The Durk Pearson & Sandy Shaw®
Life Extension NewsTM
Volume 13 No. 6 • December 2010


Delay in Administering Hormone Replacement Therapy in
Postmenopausal Women Results in Loss of Estrogen Protection:
Possible Prevention by Cholinergic Nervous System

A new paper1 makes a plausible suggestion for a mechanism that may explain why it is that, if delayed too long after menopause, estrogen loses its ability to protect against cardiovascular disease and age-associated cognitive impairment.

As has been widely discussed recently, the discrepant findings on whether estrogen replacement therapy provides protective benefits to women with respect to cardiovascular risk and also risk of cognitive decline has resulted in a realization that an excessive delay in replacing estrogen/progesterone results in a loss of protective effects. In fact, in studies in which women received hormone replacement containing conjugated estrogens or conjugated estrogens and a synthetic progestagen, delayed treatment resulted in increased risk of cardiovascular disease.

The new study1 found in that in rats 9 and 15 months post-ovariectomy, estrogen replacement (17-beta estradiol) was still able to induce a significant increase in the magnitude of LTP (long term potentiation, a critical process in learning and memory) in the hippocampus, whereas in rats 19 months post-ovariectomy, the magnitude of LTP in hippocampal slices from the estrogen treated rats no longer differed from that seen in the vehicle-treated controls.

The researchers surmise that “[t]he inability of E2 [estrogen] to increase synaptic plasticity and spine density reported here and hippocampal learning reported by others after prolonged E2 deprivation might be explained by decreased hippocampal cholinergic function.” They note that “an extensive literature has documented a key role of cholinergic innervation in mediating the beneficial effects of E2 on spatial learning.” Moreover, they explain, OVX [ovariectomy] leads to a significant decrease in ChAT [choline acetyltransferase] mRNA in basal forebrain cholinergic neurons and acetylcholine release in the hippocampus beyond that of normal aging. Thus, a threshold may exist at which cholinergic function is so severely depleted that E2’s effects on synaptic function and learning cannot be elicited. In support of this idea, a recent elegant study showed that pharmacological inhibition of acetylcholinesterase in vivo rescued the ability to E2 to enhance cognitive function in aged rats 19 to 24 mon post-OVX.” It is well known that the cholinergic nervous system suffers age-related decline, one mechanism being the demonstrated reduced ability of older brains of humans to transport choline into the brain.
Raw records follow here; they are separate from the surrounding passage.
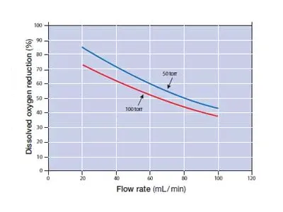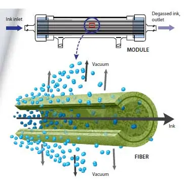 Passing the ink through the interior of the hollow fibers allows for sequential gas diffusion along the length of these fibers, from the inlet to the outlet of the module. This continuous ink degassing process is very effective for removing dissolved gases to very low levels. The extent of degassing can be controlled by regulating the vacuum level. Other factors, such as flow rate and temperature, will also affect the amount of dissolved gas removal.
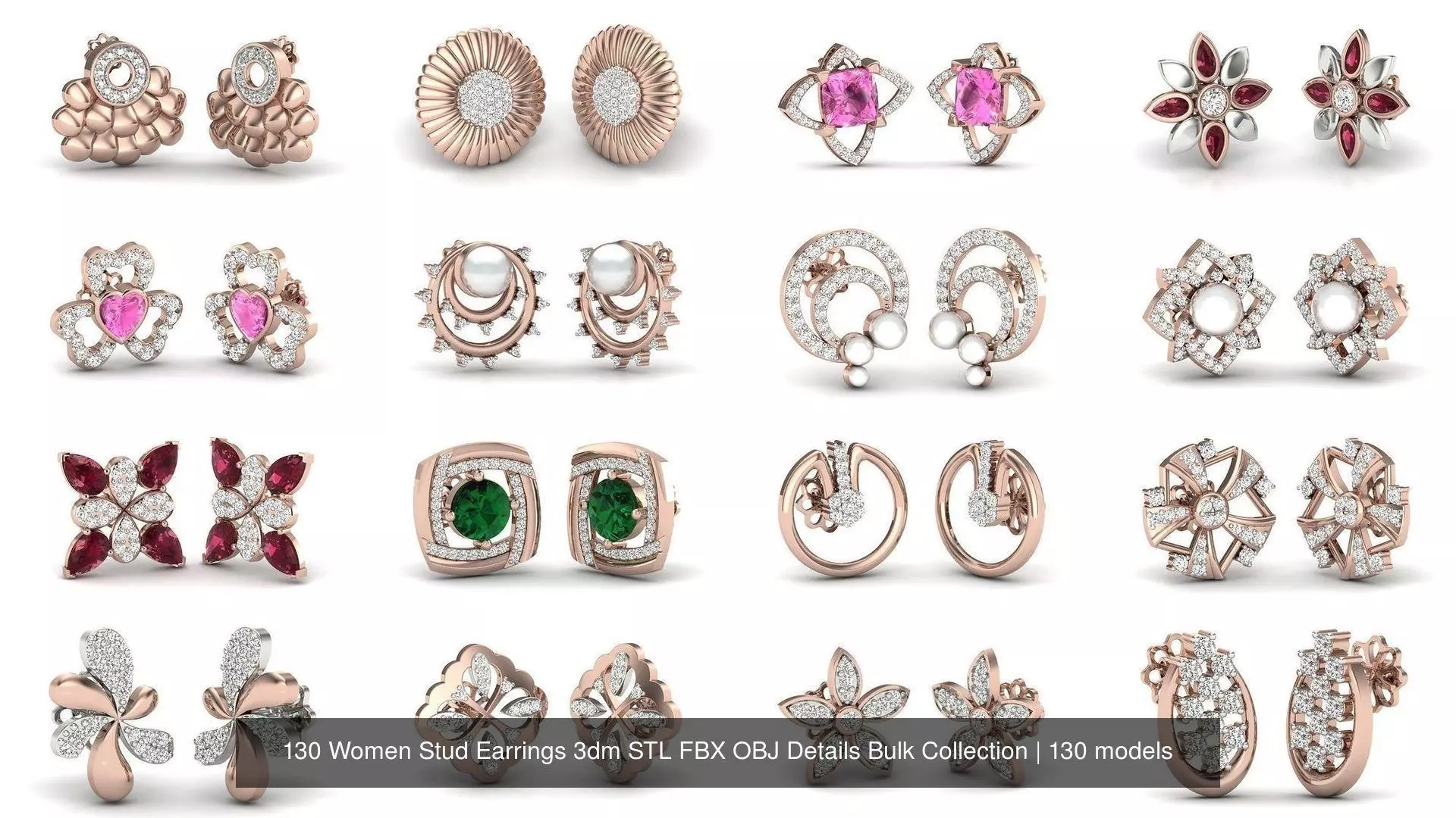 130 Women Stud Earrings 3dm STL FBX OBJ Details Bulk Collection 3D Model Pack
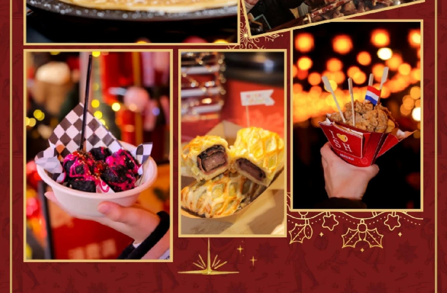 * 11월 26일부터 12월 28일까지 매주 주말, 산타와 그의 요정들이 시장에 나와 크리스마스 마법을 전파할 것입니다! 위시리스트를 가져와 축제 사진으로 순간을 포착하세요.
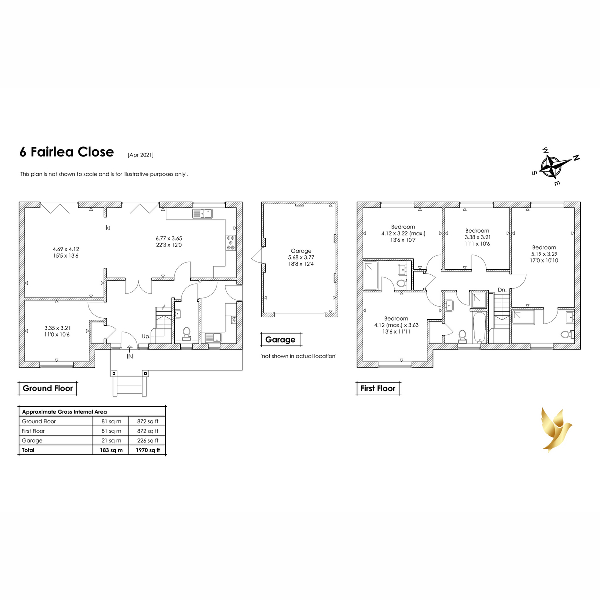Reception hall - Cloakroom - Utility - Kitchen/Breakfast room - Dining Area - Living room - Four bedrooms - 2 Ensuites - Family bathroom - Garage
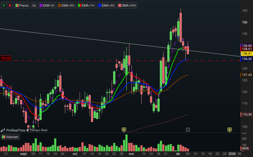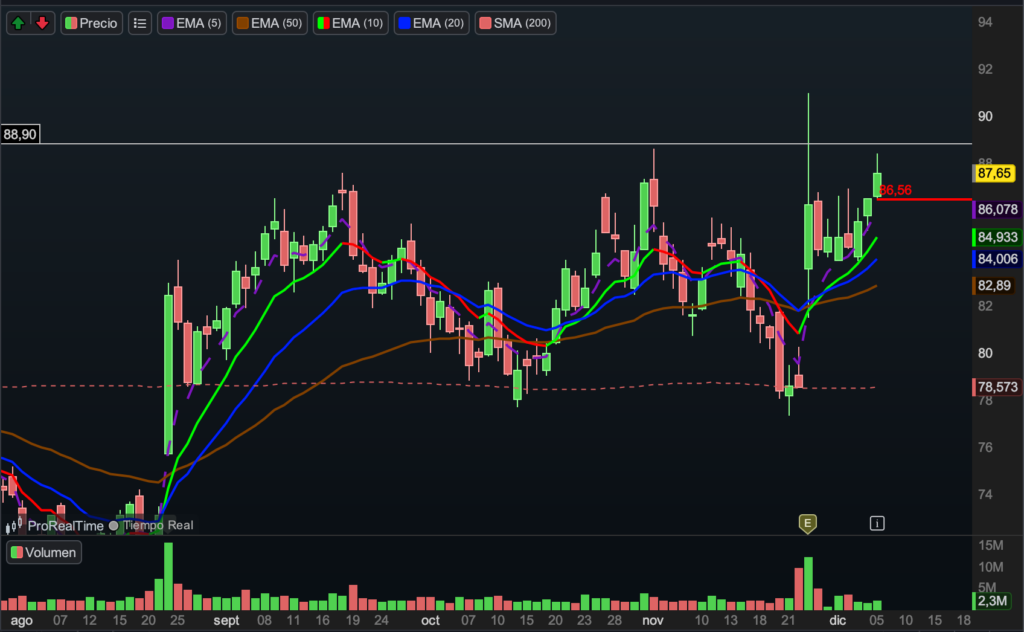 Es una acción con un gráfico de calidad AAA, mostrando una estructura técnica impecable. Sin embargo, el stop queda muy ajustado, lo cual supone un inconveniente. Aun así, dadas las condiciones actuales del mercado, no podemos permitirnos regalar riesgo, por lo que mantenemos la gestión estricta del stop pese a lo estrecho del margen. STOP 86.49. En caso de que nos eche, recompramos mas adelante.
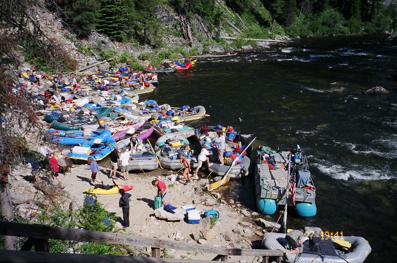 The Middle Fork of the Salmon is perhaps the best whitewater river in the Pacific Northwest. The beauty of the river is you raft 100 miles and there are a series of approximately 100 rapids. It’s rare, for many rivers in the Northwest to get a large amount of rafting days and get that many rapids. The best part about the entire trip is the hot springs at a number of the campsites. Our crew consisted of 20 people, and you could see we had to scout of a number of the rapids.
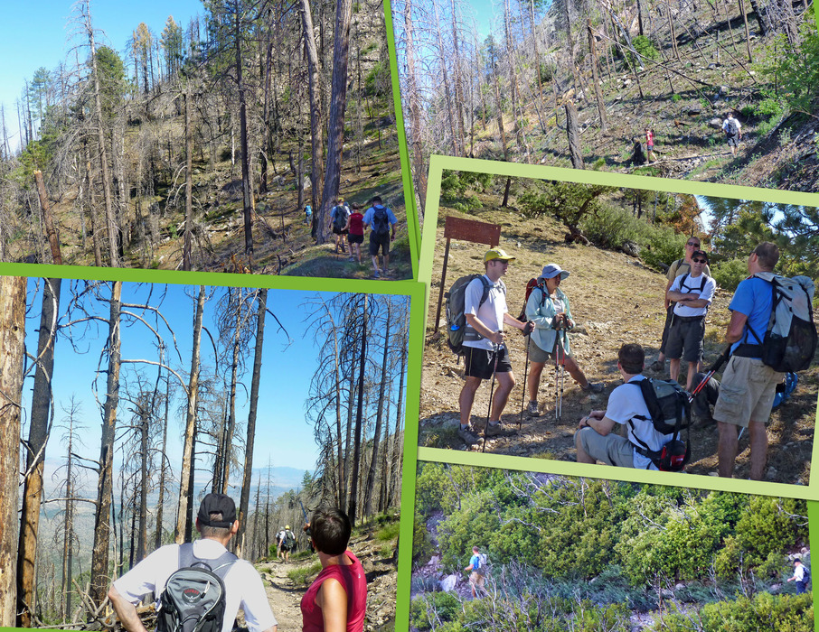 Upper left - the group making their way down the Super Trail from Baldy Saddle, Lower left - Tiffani pointing out the location of the Border Patrol balloon to Jeff, Middle left - the gang re-grouping near the tree at Baldy Saddle.
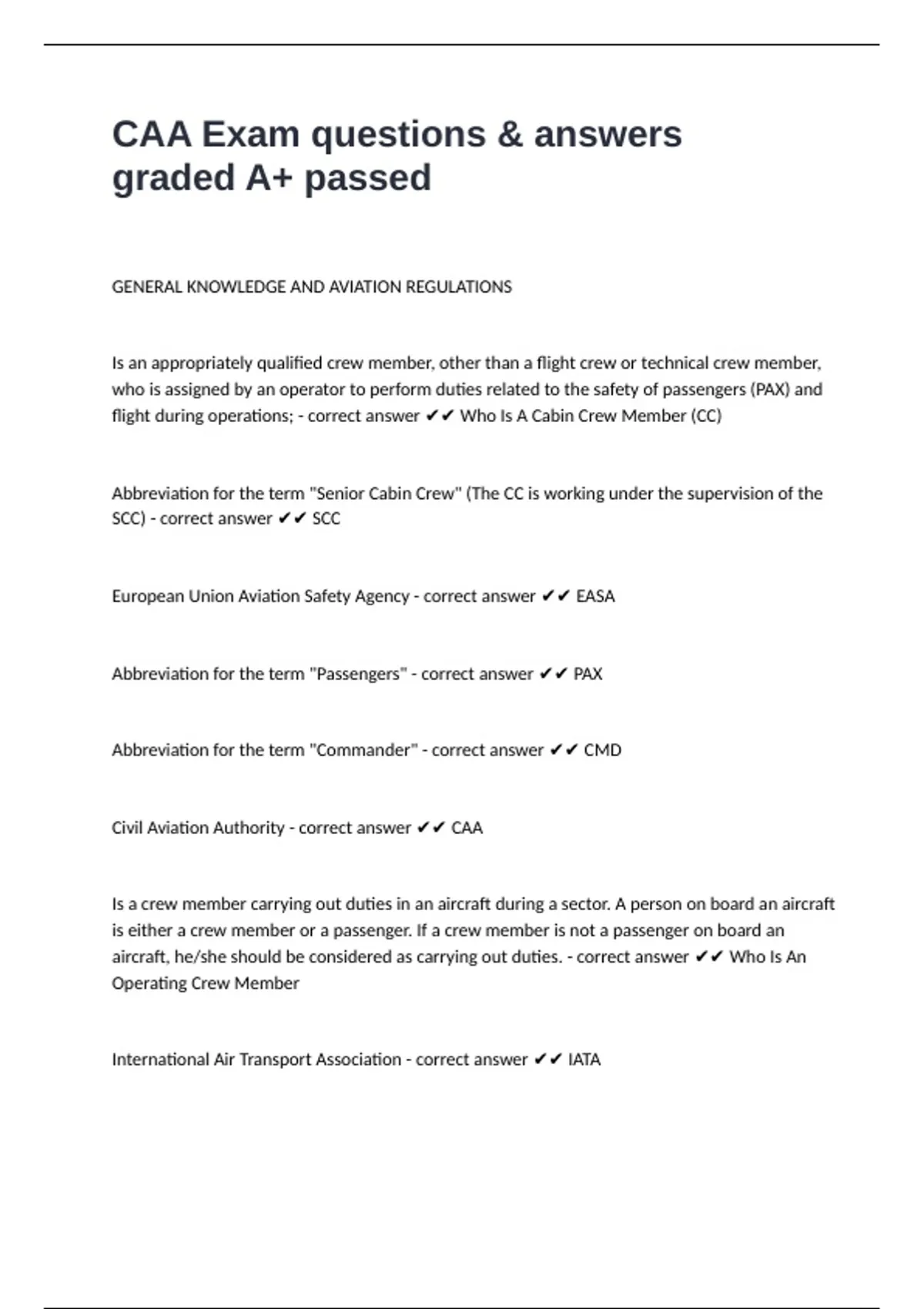 Civil Aviation Authority - correct answer ✔✔ CAA

This is a hypothesis and has not been directly tested yet. However, there is considerable supportive evidence (as noted above). If cholinergic dysfunction is the cause of the loss of estrogenic protective effects after a “critical period” post-menopause, then a possible “fix” for this problem is to take supplemental choline (from, for example, our sugar-free choline formulation) and a cholinesterase inhibitor, such as is found in a galantamine-containing product. This might work even to restore estrogen protective effects after the “critical period” (the “use by” date) has passed.

Reference

  1. Smith et al. Duration of estrogen deprivation, not chronological age, prevents estogen’s ability to enhance hippocampal synaptic physiology. Proc Natl Acad Sci USA 107(45):19543-8 (2010).